Intro: DavidSilver Flashcards
3 branches of ML ?
Supervised, Unsupervised, Reinforcement Learning
Why is RL different from other ML ?
1) No supervisor,
2) Only Reward
3) Feedback Delayed
4) Time dependent (sequential data, not fixed IID dataset)
5) Agents actions influence subsequent data in receives.
Reward Hypothesis ?
All goals can be described by the maximization of expected reward.
Describe the Agent process at each timestep t ?
Executes Action At,
Receives Observation Ot,
Receives Scalar Reward Rt
Describe The Environment at each tilmestep t ?
Receives Action At
Emits observation Ot+1
Emits Scalar Reward Rt+1
“History” in RL ?
Sequence of Observations, Actions and Rewards
“State” in RL ?
Used to determine what happens next.
Describe “State” formally.
St = f(Ht)
“Environment State” ?
The environments private representation.
“Agent State?”
The agents private representation.
“information State?”
“Markov State” contains all useful information from the history.
Markov State ?
The future is independent of the past given the present.

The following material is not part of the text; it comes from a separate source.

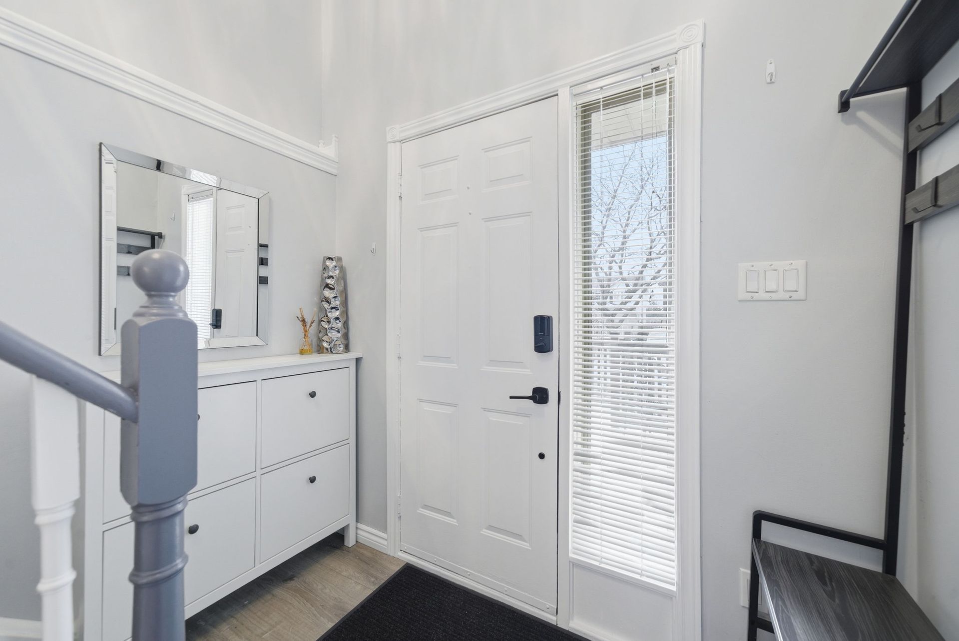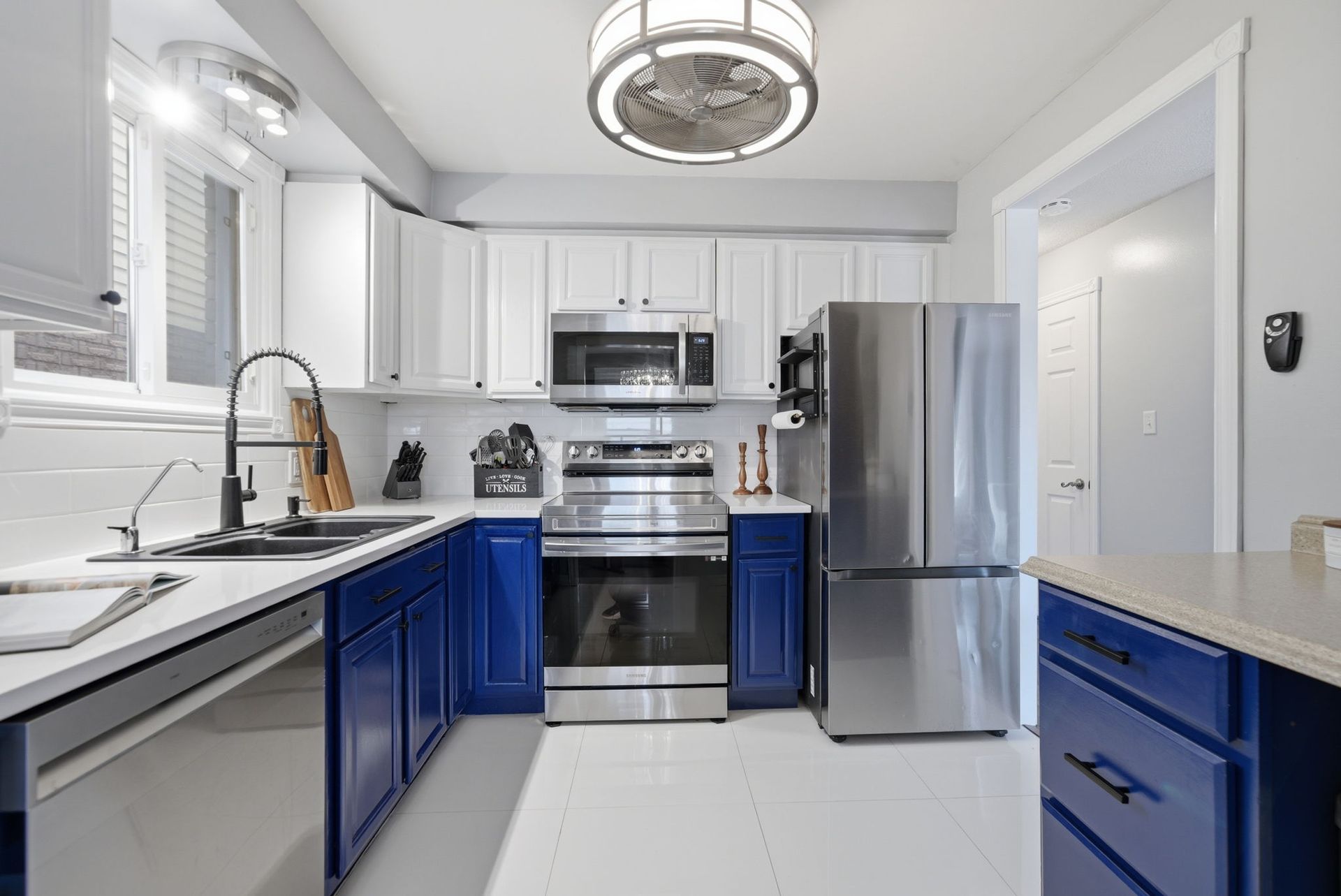 Step inside to a welcoming foyer that opens into a bright and functional main level. The living room serves as the heart of the home, featuring a cozy gas fireplace and a walkout to the backyard deck with a natural gas BBQ hookup, an ideal setting for relaxing or entertaining. Adjacent to the living area, the dining room offers a comfortable space for family meals and gatherings, while the renovated kitchen provides a modern and efficient layout with seamless flow throughout the main floor.

i.e. once the state is know, the past history may be discarded.
Fully Observable Environment ?
Agent directly observes environment state
Partially Observable Environment ?
Agent indirectly observes environment state
3 Components of an RL Agent ?
One or more of: Policy, Value, Model
Agent’s Policy ?
Rules/Space that describe/represent and agents behavior.
Agent’s Value Function ?
How good each state/action is.
Agent’s Model ?
Agents representation of the environment.
3 Categories of RL Agents ?
Value-Based
Policy-Based
Actor-Critic
Value-based RL Agent ?
Has Value Function, Policy is implicit.
Policy-based RL Agent ?
Has Policy Function, Value is implicit.
Actor-Critic RL Agent ?
has both Value and Policy functions.
2 fundamental problems in RL ?
Environment Is Initally unknown
Model of Environment is unknown
Exploration vs Exploitation ?
Exploration finds more info about environment
Exploitation leverages known env. info to maximize reward